> [WORK INSTRUCTIONS]:
Transcribe, exactly and without pictures, the lines below from the line with "일본 여아용 얇은 순면" to the line with "Select New SQL", both ends included, and no others.

Items listed in a dataset
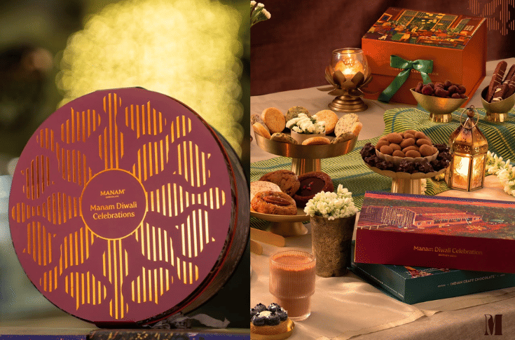 For premium brands like Manam Chocolate, the Diwali gift box is not just a vessel for sweets — it is a narrative experience. The 2025 limited-edition packaging, designed by Anomaly Brands with artwork by Namrata Kumar, depicts the cacao farms of West Godavari and festive celebrations in urban India.
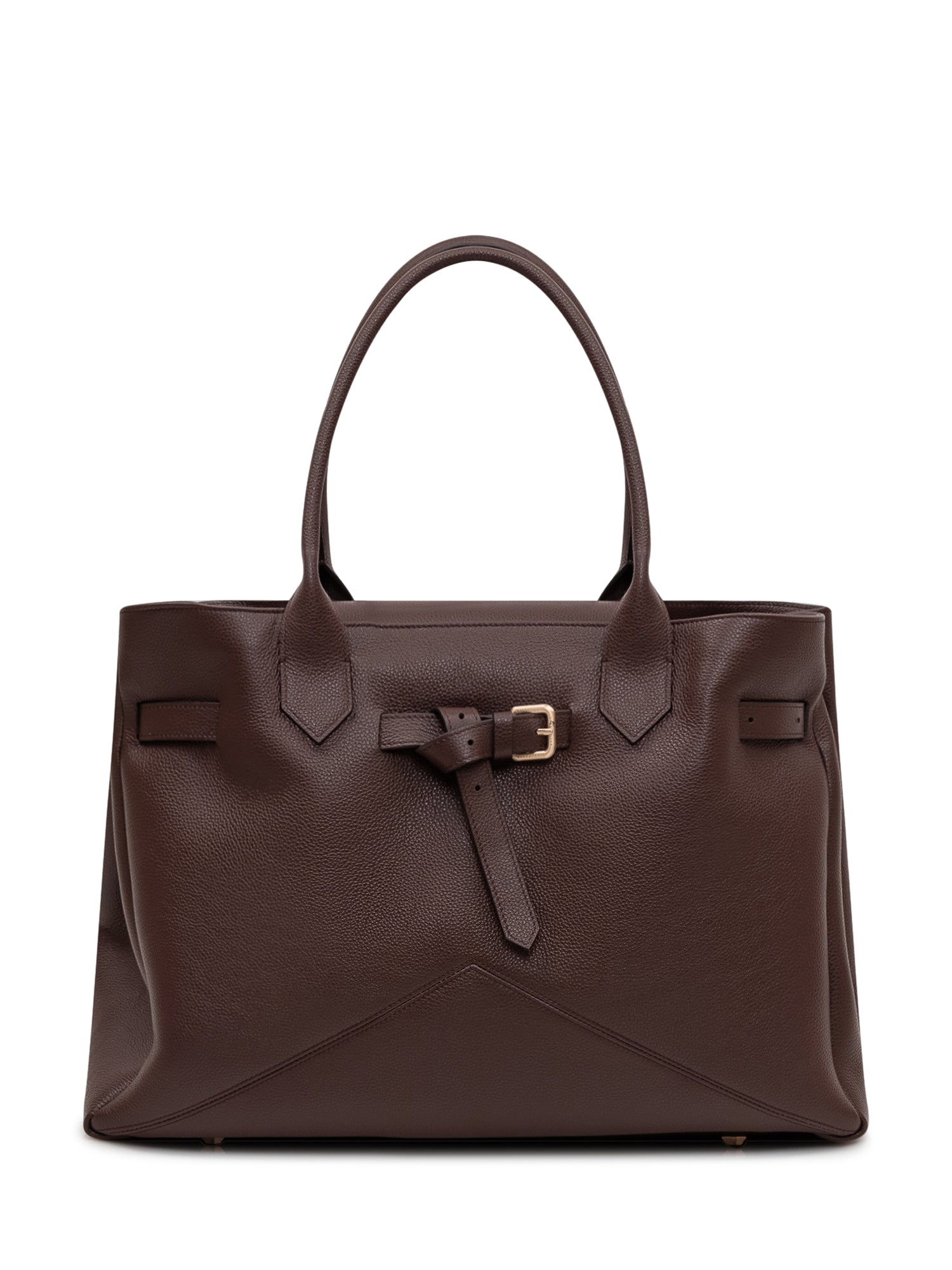 Borsa tote in pelle martellata con doppi manici e dettaglio frontale con cinturino e fibbia.Dimensioni: 41x31x14
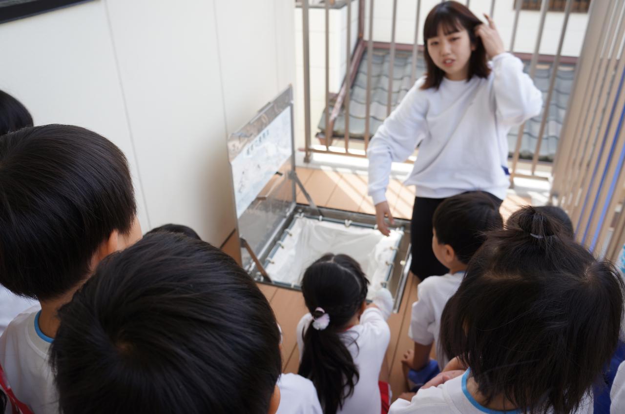 災害が起きた時に滑る滑り台、最初はみんなドキドキでした。
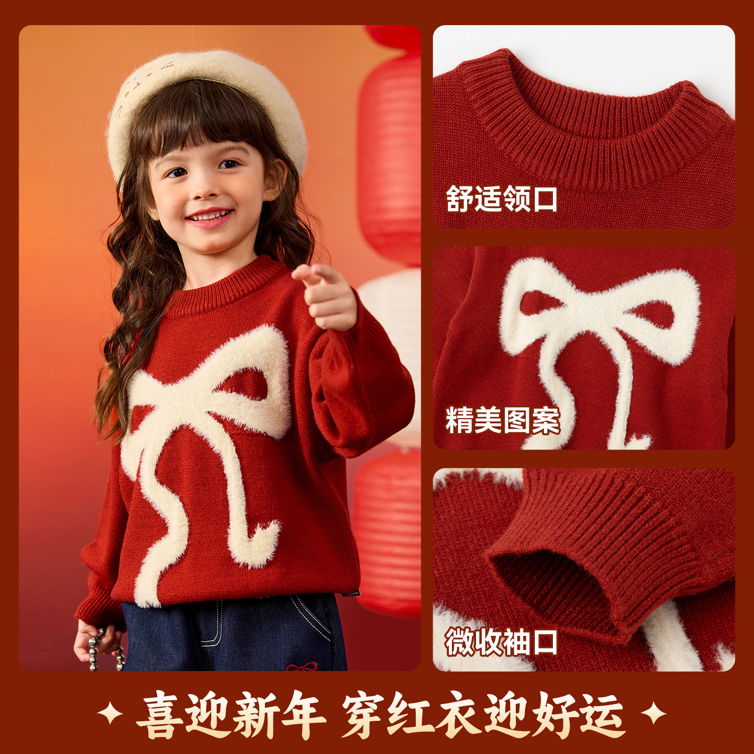 嘟嘟家女童毛衣红色女宝冬季拜年服女孩新年喜庆上衣宝宝洋气衣服
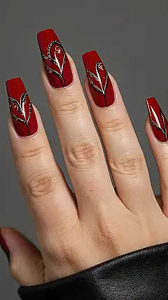 Check out the detail on those nails! It’s not just red; it’s a whole art project happening right at your fingertips. They’re almost too pretty to chew on… almost. Just try not to get caught doodling on your desk with them; your teacher might not appreciate your newfound artistic expression as much as your friends will.
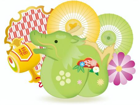 ヘビの干支置物と正月アイテム
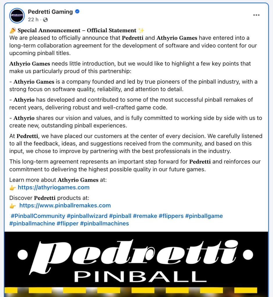 Dans les news de ces derniers jours, on a pu voir une très intéressante annonce de Pedretti qui a annoncé une grande nouvelle concernant les prochains remakes de flippers Bally Williams : Pedretti Gaming a signé un contrat pluriannuel avec la société de développement logiciel Athyrio Games pour la création de logiciels et de contenus vidéo destinés aux futurs flippers.
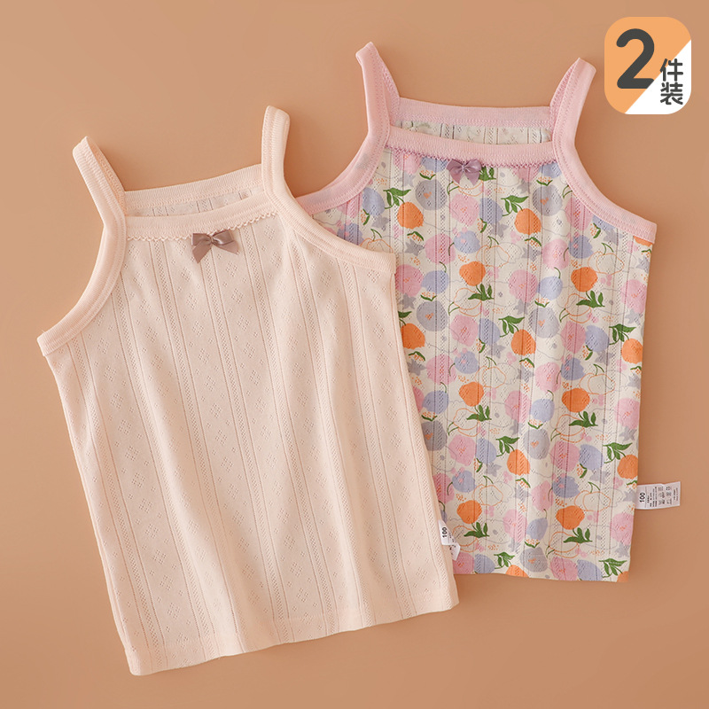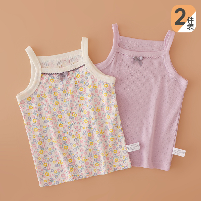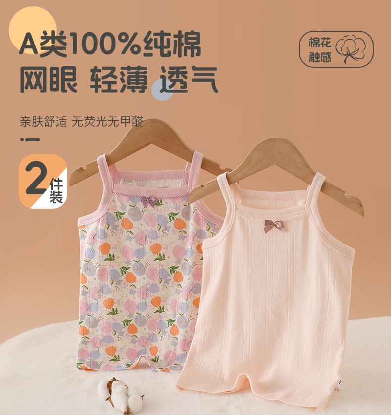 일본 여아용 얇은 순면 A형 서스펜더 여아용 베이비 잠옷 아우터 조끼 유아용 메쉬 바닥 셔츠
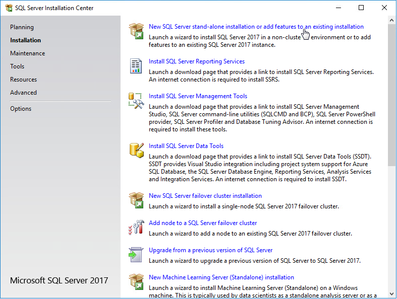Select New SQL Server stand-alone installation or add features to an existing installation.
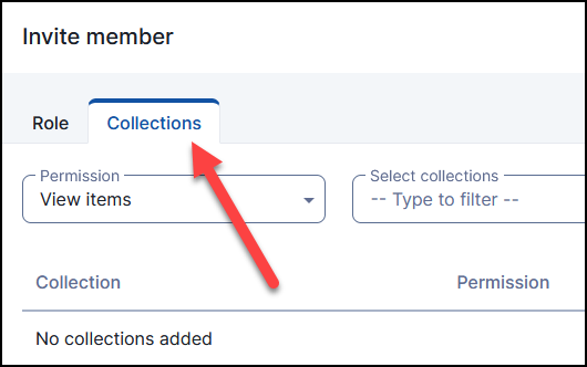 By default, the user will have "View" rights to all collections. These rights can be modified by selecting the "Collections" tab at the top of the form.
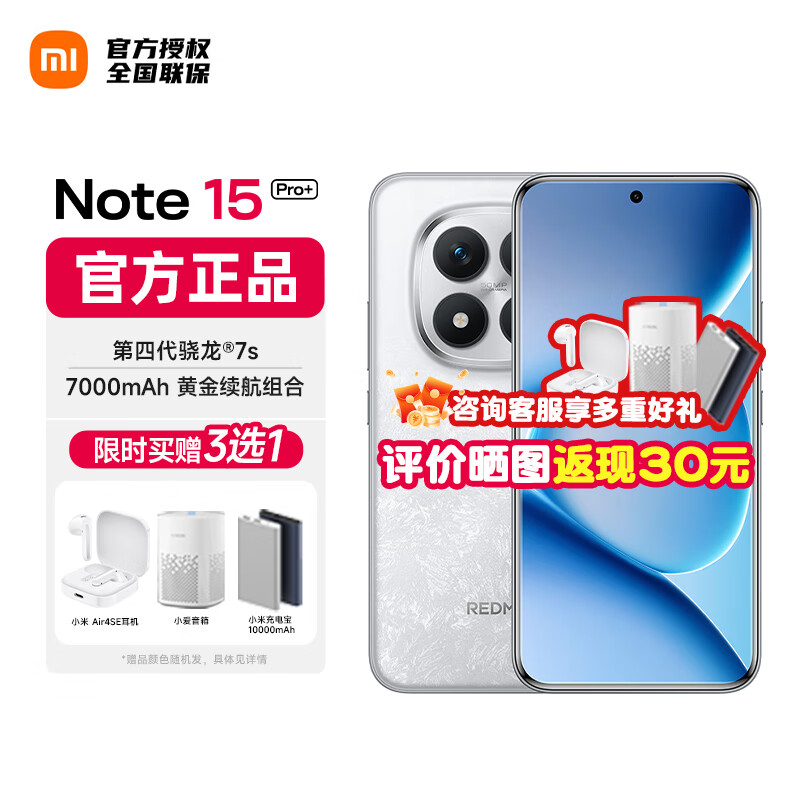 小米REDMI Note15 Pro+【国补】第四代骁龙7s 龙晶玻璃十倍抗摔 IP68防水 新品5G手机 雪松白 12G+256G
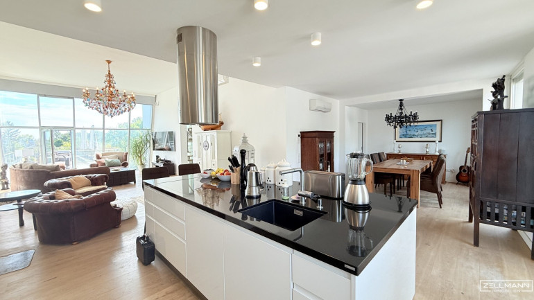 Der offene Wohn-Ess-Bereich bildet das Zentrum dieser Residenz.
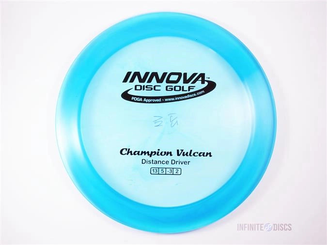 An amazing high speed distance driver, the Vulcan will fly all over the fairway. This understable disc has a huge turn rating (-4), but also has big fade (2). The initial understable nature of this disc makes it suitable for intermediate players, despite its high speed rating (13). The Vulcan is a thin disc (1.4 cm) with a very thick rim (2.4cm). 13/5/-4/2. Innova Champion plastic is a transparent ultra durable hi-tech plastic that provides outstanding performance and long life. Discs in Champion Line plastic maintain their flight characteristics 5X longer than do DX discs.
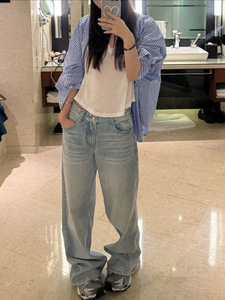 SUNONEOE 美式复古浅蓝色牛仔裤女夏秋新款做旧宽松直筒休闲裤子

> [SOLUTION TO THE EXERCISE]:
 일본 여아용 얇은 순면 A형 서스펜더 여아용 베이비 잠옷 아우터 조끼 유아용 메쉬 바닥 셔츠
Select New SQL Server stand-alone installation or add features to an existing installation.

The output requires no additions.